ACTIVITY :: Each record should be returned exactly as it is written.

────────────────────

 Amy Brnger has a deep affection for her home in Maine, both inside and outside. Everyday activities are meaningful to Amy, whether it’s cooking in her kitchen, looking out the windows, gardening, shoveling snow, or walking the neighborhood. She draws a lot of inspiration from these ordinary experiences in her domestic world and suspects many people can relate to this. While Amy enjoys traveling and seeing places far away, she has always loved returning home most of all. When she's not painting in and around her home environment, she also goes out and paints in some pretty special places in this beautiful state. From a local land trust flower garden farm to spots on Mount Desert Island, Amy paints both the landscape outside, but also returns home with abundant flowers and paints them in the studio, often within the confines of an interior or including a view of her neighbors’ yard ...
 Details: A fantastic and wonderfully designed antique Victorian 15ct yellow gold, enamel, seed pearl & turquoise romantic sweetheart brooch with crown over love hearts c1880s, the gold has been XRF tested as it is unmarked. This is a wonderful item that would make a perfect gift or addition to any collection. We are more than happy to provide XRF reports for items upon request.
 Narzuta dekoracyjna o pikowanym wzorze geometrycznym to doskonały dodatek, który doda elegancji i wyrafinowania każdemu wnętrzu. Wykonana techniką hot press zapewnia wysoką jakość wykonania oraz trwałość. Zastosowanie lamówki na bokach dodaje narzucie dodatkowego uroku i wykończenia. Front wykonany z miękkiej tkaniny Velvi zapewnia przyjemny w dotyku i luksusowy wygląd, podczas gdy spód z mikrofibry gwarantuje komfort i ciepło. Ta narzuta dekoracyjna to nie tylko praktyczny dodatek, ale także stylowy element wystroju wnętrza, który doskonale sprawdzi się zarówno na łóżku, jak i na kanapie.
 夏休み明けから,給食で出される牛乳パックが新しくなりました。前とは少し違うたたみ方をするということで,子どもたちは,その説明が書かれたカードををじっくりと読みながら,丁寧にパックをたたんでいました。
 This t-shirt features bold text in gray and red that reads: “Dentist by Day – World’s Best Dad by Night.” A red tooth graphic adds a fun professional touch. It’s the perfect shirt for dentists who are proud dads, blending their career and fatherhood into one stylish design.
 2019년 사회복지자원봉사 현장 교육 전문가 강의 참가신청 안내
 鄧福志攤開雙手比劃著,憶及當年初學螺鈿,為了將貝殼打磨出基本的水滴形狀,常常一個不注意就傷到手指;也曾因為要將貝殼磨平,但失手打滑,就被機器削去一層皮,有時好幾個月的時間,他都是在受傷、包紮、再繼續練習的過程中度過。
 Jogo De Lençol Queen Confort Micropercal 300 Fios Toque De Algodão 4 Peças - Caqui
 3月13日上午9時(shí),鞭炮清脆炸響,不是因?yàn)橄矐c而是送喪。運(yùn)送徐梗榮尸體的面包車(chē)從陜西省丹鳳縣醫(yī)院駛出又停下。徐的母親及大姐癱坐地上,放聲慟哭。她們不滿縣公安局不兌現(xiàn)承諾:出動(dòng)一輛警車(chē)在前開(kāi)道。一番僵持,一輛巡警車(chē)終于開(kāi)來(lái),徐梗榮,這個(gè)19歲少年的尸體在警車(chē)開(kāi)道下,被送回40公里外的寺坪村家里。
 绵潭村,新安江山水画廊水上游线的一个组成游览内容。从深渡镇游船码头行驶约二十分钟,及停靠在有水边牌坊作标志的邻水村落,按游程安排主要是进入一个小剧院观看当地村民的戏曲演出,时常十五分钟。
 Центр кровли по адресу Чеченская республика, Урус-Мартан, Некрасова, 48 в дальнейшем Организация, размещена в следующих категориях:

────────────────────

ANSWER FOR THIS EXERCISE ::
 Amy Brnger has a deep affection for her home in Maine, both inside and outside. Everyday activities are meaningful to Amy, whether it’s cooking in her kitchen, looking out the windows, gardening, shoveling snow, or walking the neighborhood. She draws a lot of inspiration from these ordinary experiences in her domestic world and suspects many people can relate to this. While Amy enjoys traveling and seeing places far away, she has always loved returning home most of all. When she's not painting in and around her home environment, she also goes out and paints in some pretty special places in this beautiful state. From a local land trust flower garden farm to spots on Mount Desert Island, Amy paints both the landscape outside, but also returns home with abundant flowers and paints them in the studio, often within the confines of an interior or including a view of her neighbors’ yard ...
 Details: A fantastic and wonderfully designed antique Victorian 15ct yellow gold, enamel, seed pearl & turquoise romantic sweetheart brooch with crown over love hearts c1880s, the gold has been XRF tested as it is unmarked. This is a wonderful item that would make a perfect gift or addition to any collection. We are more than happy to provide XRF reports for items upon request.
 Narzuta dekoracyjna o pikowanym wzorze geometrycznym to doskonały dodatek, który doda elegancji i wyrafinowania każdemu wnętrzu. Wykonana techniką hot press zapewnia wysoką jakość wykonania oraz trwałość. Zastosowanie lamówki na bokach dodaje narzucie dodatkowego uroku i wykończenia. Front wykonany z miękkiej tkaniny Velvi zapewnia przyjemny w dotyku i luksusowy wygląd, podczas gdy spód z mikrofibry gwarantuje komfort i ciepło. Ta narzuta dekoracyjna to nie tylko praktyczny dodatek, ale także stylowy element wystroju wnętrza, który doskonale sprawdzi się zarówno na łóżku, jak i na kanapie.
 夏休み明けから,給食で出される牛乳パックが新しくなりました。前とは少し違うたたみ方をするということで,子どもたちは,その説明が書かれたカードををじっくりと読みながら,丁寧にパックをたたんでいました。
 This t-shirt features bold text in gray and red that reads: “Dentist by Day – World’s Best Dad by Night.” A red tooth graphic adds a fun professional touch. It’s the perfect shirt for dentists who are proud dads, blending their career and fatherhood into one stylish design.
 2019년 사회복지자원봉사 현장 교육 전문가 강의 참가신청 안내
 鄧福志攤開雙手比劃著,憶及當年初學螺鈿,為了將貝殼打磨出基本的水滴形狀,常常一個不注意就傷到手指;也曾因為要將貝殼磨平,但失手打滑,就被機器削去一層皮,有時好幾個月的時間,他都是在受傷、包紮、再繼續練習的過程中度過。
 Jogo De Lençol Queen Confort Micropercal 300 Fios Toque De Algodão 4 Peças - Caqui
 3月13日上午9時(shí),鞭炮清脆炸響,不是因?yàn)橄矐c而是送喪。運(yùn)送徐梗榮尸體的面包車(chē)從陜西省丹鳳縣醫(yī)院駛出又停下。徐的母親及大姐癱坐地上,放聲慟哭。她們不滿縣公安局不兌現(xiàn)承諾:出動(dòng)一輛警車(chē)在前開(kāi)道。一番僵持,一輛巡警車(chē)終于開(kāi)來(lái),徐梗榮,這個(gè)19歲少年的尸體在警車(chē)開(kāi)道下,被送回40公里外的寺坪村家里。
 绵潭村,新安江山水画廊水上游线的一个组成游览内容。从深渡镇游船码头行驶约二十分钟,及停靠在有水边牌坊作标志的邻水村落,按游程安排主要是进入一个小剧院观看当地村民的戏曲演出,时常十五分钟。
 Центр кровли по адресу Чеченская республика, Урус-Мартан, Некрасова, 48 в дальнейшем Организация, размещена в следующих категориях:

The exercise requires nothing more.